An extra consideration/clarification: the DVI port has to be HDCP compliant to be useful. If you have a really old HDTV, the DVI port might be effectively useless since the earliest models didn't have HDCP support. Of course if you have a model before HDCP support (typically 2003 and older), you really should think about replacing it, since working around the lack of HDMI is going to get harder and harder.

One further note on using component video, in regard to helping friends and/or family with a stand-alone Blu-ray player: Don't forget that new 2011 players do not have component output any more (part of the Analog Sunset as mandated by the AACS). So you'll want to find a 2010 model on closeout.

Matt wrote:

An extra consideration/clarification: the DVI port has to be HDCP compliant to be useful. If you have a really old HDTV, the DVI port might be effectively useless since the earliest models didn't have HDCP support. Of course if you have a model before HDCP support (typically 2003 and older), you really should think about replacing it, since working around the lack of HDMI is going to get harder and harder.

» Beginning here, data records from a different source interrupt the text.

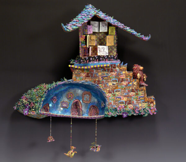 Artist Statement: I get asked a lot if I get ideas from my dreams and the answer is a definite yes. This piece is a perfect example. I have a lot of dreams about fantasy houses – this one had an interesting cave like basement and lots of stairs. Stairs are a common theme in my dreams and seem to always be equated with some sort of struggle to get somewhere. I love to watch how people react to this piece. I think it appeals to the love of doll houses that many of us experienced as a child. I added creatures that hang from the bottom in a way that invites the viewer to play with them and take them around the bottom part of the house.
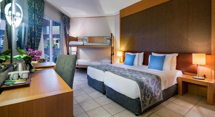 Были в отеле с 24 июля, по 1 августа 2015 года. Приехали в 9 утра, чтобы не сидеть до 2, смазали, отношение изменилось и номер нашелся. Дали номер на 1 этаже, но это даже плюс, есть второй вход. Номера большие, и ванные комнаты большие и удобные. Но есть минус кондер, он центральный и расположен не над дверью как чаще всего, а так что дует прямо на кровать, на ночь приходилось выключать. Питание не плохое, но разнообразием не впечатляет, даже в разделе сладостей. Как показатель в большинстве отелей где были до этого всегда есть жареная курица или индейка для тех кто ест только ее и фри (многие дети 5-10 у моих знакомых питаются из того что там есть именно этим), в этом отели жаренная курица за неделю была 3 раза. Один день на обед было вообще нечего есть кроме макарон с соусом. и печень жаренная (причем пережаренная и жесткая). не критично конечно можно перекусить и в снек баре. Мороженное кстати после обеда в детском городке у этого снек бара, стоит маленький холодильник и никого нет, подходишь и берешь сколько надо, оно в упаковке.
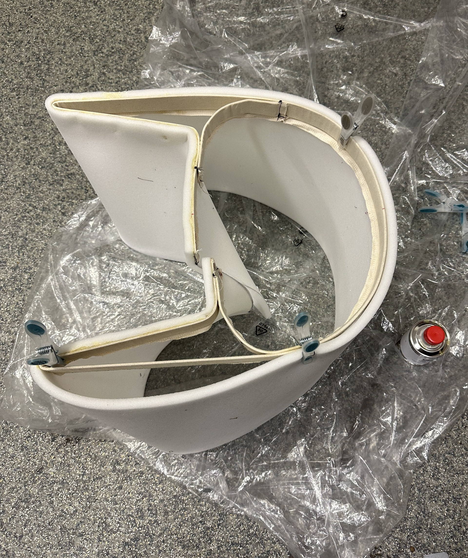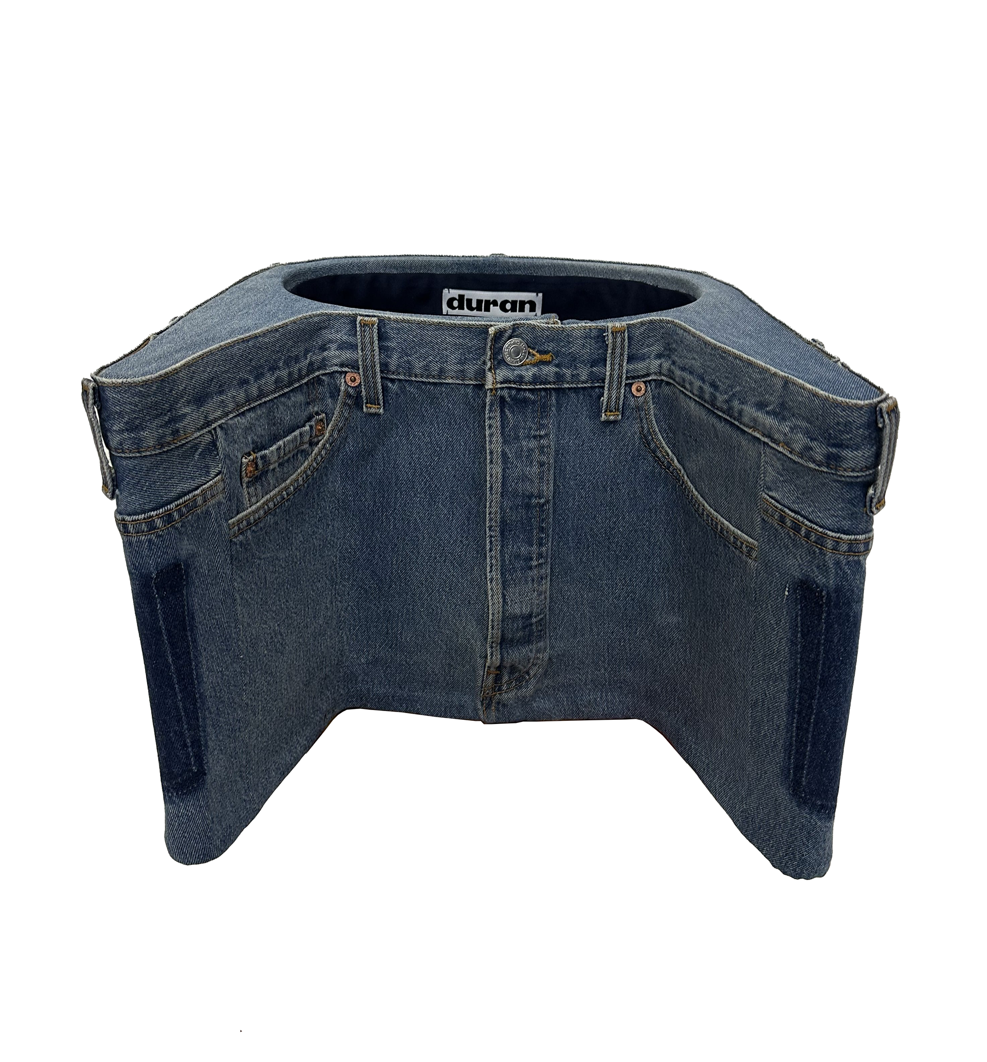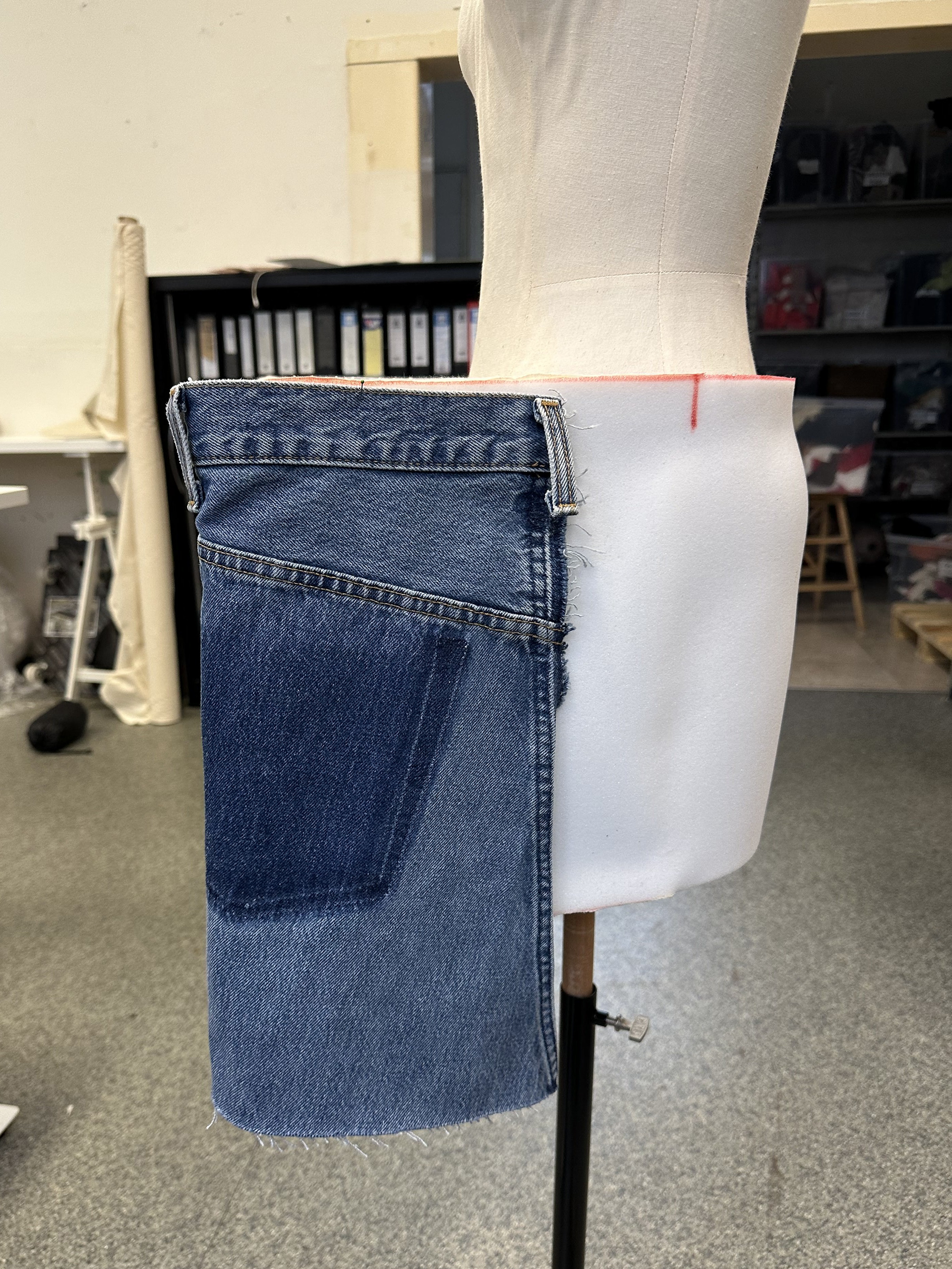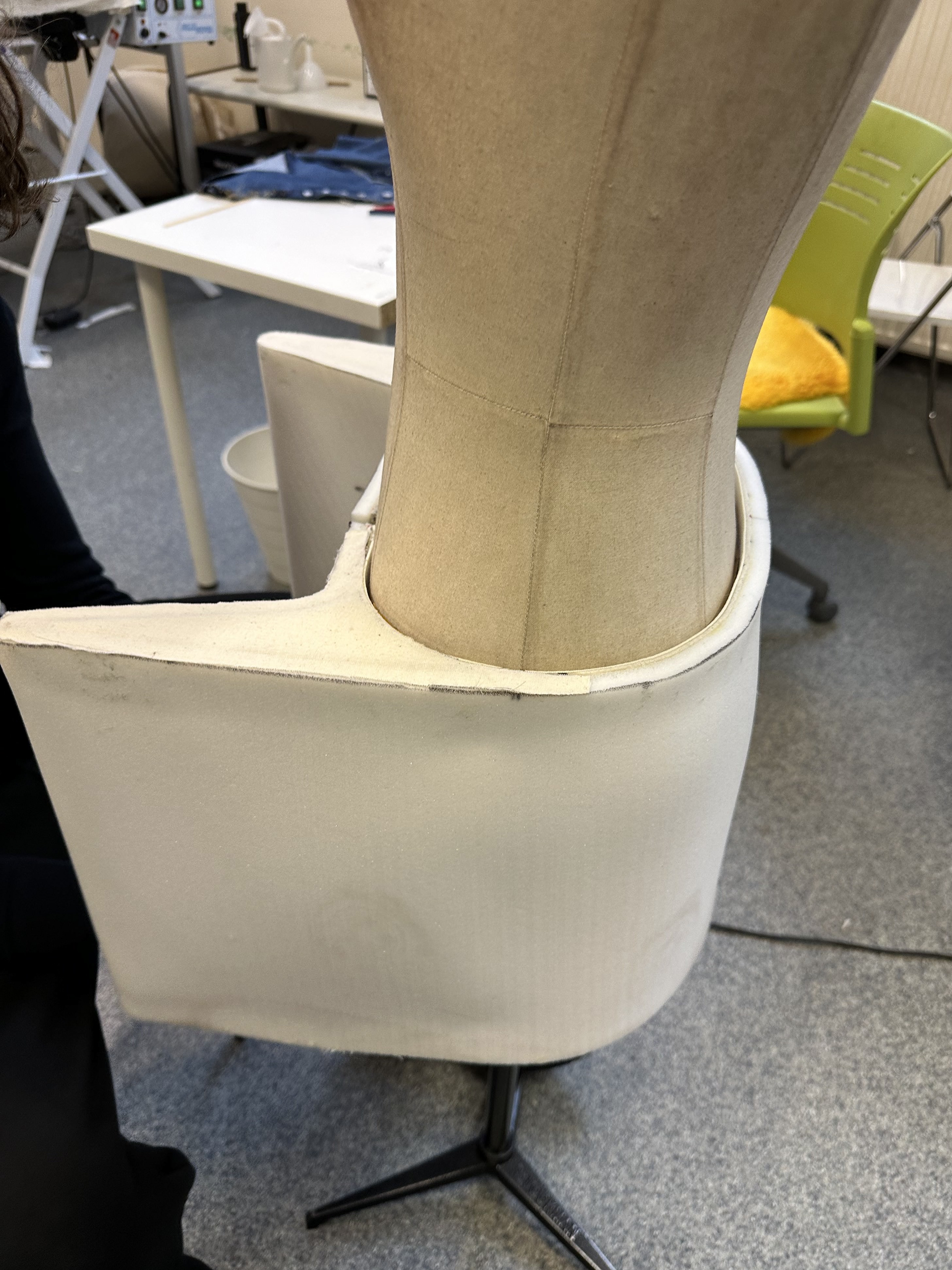 The process expanded my knowledge towards material and technique far beyond fabrics. Bending metal, shaping foam and covering the whole thing in denim with hand stitches took quite some time, but I ended up really satisfied with the results.
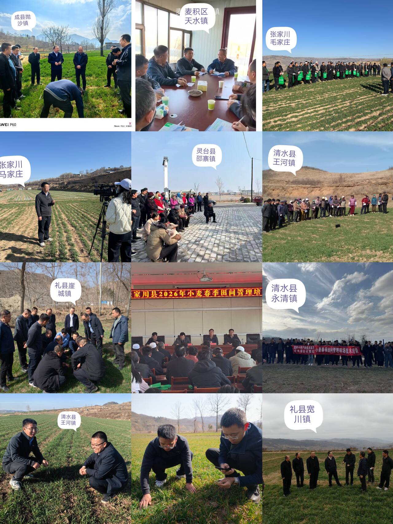 为夯实夏粮丰收基础,3月4日至12日,专家团队深入清水、张家川、礼县、秦州、麦积、西和、成县、武都、文县、灵台等10个县区的27个试验示范基地,围绕“促弱转壮增群”核心目标,开展春季田间管护调研、技术指导与集中培训。

One further note on using component video, in regard to helping friends and/or family with a stand-alone Blu-ray player: Don't forget that new 2011 players do not have component output any more (part of the Analog Sunset as mandated by the AACS). So you'll want to find a 2010 model on closeout.

I remember in those early days trying my hardest to convince a number of friends of mine to make sure they got a display that had DVI with HDCP. I can only sit and laugh at anyone who has an HDTV that they bought in that time frame that doesn't have HDCP support in one form or another. All but one of those friends of mine wouldn't have to buy a new HDTV otherwise.